I saw something the other day that got me thinking... I was browsing through HDTVs on some website (Best Buy or something, I don't recall), and I saw this description of a television's resolutions: (it was a direct-view CRT, incidentally)
720 progressive (interlaced), 1080i, etc.
Now, at first, I'm thinking "interlaced-progressive-what?", but then I got to thinking... What's the actual refresh rates of HDTVs these days?
I was thinking that, if TVs were no longer "locked" into the old-school 60Hz, that it could be possible for an interlaced display to project a true progressive image. So I figured I'd ask the gurus here, see if anybody knows.

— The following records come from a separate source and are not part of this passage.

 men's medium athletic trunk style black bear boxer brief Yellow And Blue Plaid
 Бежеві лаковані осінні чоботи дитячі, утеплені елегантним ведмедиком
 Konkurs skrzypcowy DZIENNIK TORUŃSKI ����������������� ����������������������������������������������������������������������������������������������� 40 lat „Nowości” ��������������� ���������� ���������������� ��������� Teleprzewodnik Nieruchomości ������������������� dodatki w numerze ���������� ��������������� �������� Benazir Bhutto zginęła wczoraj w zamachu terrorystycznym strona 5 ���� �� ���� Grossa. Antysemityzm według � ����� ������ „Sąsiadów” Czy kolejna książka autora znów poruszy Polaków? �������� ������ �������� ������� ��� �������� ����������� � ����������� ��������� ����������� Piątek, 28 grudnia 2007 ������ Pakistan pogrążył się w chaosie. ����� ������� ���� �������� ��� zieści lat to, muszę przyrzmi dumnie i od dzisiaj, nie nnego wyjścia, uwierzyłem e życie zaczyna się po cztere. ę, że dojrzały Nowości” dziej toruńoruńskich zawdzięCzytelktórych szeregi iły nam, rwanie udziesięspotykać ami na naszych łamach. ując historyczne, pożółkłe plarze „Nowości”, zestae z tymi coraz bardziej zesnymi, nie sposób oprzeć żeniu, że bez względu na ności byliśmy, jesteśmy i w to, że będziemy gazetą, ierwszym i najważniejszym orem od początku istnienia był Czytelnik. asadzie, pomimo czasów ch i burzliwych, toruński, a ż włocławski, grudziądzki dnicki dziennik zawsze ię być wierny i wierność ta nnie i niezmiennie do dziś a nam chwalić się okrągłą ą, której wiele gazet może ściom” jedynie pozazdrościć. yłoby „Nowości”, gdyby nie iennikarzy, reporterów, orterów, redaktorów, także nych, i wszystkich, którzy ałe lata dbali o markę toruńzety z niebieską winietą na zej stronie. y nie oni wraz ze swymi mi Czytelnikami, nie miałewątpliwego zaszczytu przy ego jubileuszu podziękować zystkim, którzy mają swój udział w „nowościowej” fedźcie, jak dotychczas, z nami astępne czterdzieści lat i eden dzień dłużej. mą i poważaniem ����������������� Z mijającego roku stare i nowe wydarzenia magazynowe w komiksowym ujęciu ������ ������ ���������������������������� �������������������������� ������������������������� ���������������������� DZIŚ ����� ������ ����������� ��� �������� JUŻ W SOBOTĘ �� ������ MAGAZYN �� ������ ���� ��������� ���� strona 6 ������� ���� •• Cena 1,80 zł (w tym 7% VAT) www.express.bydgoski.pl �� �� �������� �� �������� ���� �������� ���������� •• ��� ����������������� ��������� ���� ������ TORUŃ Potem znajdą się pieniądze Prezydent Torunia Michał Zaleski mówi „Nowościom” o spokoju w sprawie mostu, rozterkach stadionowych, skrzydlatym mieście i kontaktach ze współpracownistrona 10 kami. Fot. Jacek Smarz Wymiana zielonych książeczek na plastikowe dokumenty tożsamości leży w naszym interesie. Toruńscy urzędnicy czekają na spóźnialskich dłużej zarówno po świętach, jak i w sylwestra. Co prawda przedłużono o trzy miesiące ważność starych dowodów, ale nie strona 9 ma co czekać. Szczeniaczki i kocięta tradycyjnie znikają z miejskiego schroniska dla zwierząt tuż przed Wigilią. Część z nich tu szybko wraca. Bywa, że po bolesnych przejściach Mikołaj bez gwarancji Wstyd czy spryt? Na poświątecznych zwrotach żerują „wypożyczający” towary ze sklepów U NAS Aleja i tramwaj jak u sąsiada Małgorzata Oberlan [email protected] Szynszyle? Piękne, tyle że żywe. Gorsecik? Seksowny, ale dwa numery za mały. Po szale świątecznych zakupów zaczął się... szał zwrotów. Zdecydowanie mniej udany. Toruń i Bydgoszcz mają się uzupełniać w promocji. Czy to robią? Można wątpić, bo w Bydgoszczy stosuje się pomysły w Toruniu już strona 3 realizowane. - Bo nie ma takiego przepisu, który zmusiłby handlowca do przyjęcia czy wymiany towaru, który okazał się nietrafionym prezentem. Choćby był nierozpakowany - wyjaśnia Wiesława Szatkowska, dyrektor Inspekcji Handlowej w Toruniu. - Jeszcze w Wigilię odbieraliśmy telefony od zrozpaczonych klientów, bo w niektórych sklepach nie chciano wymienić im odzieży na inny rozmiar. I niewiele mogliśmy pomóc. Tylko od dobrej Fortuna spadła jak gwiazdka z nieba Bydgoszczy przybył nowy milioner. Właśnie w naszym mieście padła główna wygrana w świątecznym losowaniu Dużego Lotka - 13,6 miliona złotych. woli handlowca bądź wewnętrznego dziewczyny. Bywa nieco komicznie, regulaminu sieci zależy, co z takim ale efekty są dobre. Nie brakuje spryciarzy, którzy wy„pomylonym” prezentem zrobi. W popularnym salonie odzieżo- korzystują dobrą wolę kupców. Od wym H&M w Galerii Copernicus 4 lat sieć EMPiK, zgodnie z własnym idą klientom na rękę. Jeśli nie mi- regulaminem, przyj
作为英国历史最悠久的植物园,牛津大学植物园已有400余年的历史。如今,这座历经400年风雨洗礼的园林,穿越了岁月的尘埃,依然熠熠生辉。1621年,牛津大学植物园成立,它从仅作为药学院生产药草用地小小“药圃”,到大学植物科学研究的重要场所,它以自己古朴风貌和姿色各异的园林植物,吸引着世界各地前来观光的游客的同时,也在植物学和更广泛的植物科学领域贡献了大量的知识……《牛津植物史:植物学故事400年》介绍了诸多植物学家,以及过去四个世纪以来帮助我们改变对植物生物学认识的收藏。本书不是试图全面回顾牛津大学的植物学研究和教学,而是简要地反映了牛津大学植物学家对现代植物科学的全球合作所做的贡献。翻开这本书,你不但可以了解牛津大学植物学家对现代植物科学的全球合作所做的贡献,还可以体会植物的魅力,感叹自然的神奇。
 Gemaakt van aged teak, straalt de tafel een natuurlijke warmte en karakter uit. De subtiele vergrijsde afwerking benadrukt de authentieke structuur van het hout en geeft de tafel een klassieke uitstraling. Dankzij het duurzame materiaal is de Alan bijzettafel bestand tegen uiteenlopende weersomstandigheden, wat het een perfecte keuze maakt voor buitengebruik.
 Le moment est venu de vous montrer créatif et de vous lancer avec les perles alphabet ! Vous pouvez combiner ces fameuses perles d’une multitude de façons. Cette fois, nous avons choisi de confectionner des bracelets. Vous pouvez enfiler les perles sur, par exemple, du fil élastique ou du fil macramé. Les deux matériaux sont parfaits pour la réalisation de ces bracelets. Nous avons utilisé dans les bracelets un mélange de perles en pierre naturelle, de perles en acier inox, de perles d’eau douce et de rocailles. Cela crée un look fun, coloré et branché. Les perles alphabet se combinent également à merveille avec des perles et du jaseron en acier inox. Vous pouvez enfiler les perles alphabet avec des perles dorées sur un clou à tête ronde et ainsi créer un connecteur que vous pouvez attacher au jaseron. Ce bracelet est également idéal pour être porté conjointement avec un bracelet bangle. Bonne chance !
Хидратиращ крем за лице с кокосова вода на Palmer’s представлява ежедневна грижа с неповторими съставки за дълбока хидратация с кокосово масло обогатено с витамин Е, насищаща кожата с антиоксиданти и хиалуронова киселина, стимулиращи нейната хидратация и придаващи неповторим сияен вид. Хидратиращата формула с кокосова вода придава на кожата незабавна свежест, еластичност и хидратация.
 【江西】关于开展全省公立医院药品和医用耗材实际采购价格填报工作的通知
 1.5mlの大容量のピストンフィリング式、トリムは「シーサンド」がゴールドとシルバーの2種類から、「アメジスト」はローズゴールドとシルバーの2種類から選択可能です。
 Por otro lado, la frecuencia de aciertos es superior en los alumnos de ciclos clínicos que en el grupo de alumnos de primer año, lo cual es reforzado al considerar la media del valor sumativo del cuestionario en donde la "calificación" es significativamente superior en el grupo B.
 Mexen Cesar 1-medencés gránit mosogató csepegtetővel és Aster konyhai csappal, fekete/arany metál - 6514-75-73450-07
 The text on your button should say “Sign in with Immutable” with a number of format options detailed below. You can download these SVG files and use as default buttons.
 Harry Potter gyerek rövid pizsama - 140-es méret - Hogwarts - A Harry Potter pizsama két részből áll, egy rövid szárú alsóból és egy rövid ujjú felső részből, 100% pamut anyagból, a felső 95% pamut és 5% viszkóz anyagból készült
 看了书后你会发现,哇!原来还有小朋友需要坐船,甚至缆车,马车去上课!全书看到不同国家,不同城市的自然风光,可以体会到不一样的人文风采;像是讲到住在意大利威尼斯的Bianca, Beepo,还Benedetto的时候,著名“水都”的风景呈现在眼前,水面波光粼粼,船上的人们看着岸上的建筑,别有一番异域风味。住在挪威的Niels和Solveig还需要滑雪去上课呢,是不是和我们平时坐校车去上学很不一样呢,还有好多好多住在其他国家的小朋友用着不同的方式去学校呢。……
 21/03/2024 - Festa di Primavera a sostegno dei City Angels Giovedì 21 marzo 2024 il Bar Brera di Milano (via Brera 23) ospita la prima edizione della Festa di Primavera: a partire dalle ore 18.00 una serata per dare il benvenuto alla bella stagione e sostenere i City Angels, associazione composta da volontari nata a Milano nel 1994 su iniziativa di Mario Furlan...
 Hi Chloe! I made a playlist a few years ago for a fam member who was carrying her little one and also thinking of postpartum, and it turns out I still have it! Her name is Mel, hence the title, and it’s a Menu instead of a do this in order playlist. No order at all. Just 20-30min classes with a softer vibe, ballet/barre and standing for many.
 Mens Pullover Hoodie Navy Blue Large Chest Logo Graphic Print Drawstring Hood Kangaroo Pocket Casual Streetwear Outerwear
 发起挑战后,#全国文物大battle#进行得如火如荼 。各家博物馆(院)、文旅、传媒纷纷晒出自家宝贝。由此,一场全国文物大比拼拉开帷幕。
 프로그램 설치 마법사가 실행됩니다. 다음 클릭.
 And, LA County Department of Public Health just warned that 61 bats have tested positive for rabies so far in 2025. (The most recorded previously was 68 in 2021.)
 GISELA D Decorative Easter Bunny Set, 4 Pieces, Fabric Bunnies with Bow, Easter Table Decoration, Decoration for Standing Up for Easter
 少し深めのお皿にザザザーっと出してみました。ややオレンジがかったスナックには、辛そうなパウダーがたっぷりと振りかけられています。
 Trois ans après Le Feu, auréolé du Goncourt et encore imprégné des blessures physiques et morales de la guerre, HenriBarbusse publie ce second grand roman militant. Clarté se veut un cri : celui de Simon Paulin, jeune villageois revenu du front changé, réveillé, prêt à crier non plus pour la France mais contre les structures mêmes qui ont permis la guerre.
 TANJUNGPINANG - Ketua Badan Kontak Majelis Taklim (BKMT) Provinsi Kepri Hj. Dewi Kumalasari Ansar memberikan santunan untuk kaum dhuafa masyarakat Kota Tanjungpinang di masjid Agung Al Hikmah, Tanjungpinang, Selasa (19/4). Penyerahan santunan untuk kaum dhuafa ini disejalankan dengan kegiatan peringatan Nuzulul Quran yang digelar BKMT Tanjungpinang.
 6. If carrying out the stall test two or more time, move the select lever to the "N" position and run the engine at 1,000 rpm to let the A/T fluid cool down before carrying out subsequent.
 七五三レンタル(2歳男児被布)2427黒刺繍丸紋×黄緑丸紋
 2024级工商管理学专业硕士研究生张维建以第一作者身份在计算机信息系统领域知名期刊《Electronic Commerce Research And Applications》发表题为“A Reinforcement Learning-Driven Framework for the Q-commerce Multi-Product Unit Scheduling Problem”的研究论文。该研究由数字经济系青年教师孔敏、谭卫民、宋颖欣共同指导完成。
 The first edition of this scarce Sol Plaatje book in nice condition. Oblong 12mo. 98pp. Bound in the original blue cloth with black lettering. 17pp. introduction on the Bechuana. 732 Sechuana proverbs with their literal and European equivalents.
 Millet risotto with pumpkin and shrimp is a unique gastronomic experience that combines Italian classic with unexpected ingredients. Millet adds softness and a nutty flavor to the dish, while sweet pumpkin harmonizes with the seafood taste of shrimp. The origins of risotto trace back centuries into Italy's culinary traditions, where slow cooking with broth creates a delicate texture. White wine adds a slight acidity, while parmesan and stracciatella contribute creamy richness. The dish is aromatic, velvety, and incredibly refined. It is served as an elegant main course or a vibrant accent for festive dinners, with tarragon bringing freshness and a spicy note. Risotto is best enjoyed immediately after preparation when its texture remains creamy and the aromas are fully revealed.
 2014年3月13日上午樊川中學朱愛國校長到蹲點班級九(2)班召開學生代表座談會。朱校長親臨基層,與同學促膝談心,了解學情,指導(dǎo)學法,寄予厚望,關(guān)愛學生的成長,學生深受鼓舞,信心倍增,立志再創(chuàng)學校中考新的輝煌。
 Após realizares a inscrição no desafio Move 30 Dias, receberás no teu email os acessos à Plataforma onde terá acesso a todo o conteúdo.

Let's say a modern HD CRT has a much higher refresh rate than before.. say, 120Hz. It would then be possible to display a 720p image, at 60fps, by drawing the frame in two interlaced passes, twice as fast as was possible on older SDTVs (like the one I have downstairs).
Is such a thing possible? That a modern CRT can draw an entire frame (two interlaced passes), in 1/60th of a second?
This also fits in with the overall resolutions.. 480i, 480p, 720p, yet only 1080i.. because it's not quite fast enough or powerful enough to draw a 1080 frame in 1/60th of a second (hence the "limit" of 1080i), but it can draw a 720 frame or smaller in that time.
Am I making stuff up, or do TVs these days actually work like this?
If so, would it not be possible to display video, up to 720i, at 120fps by interlacing it?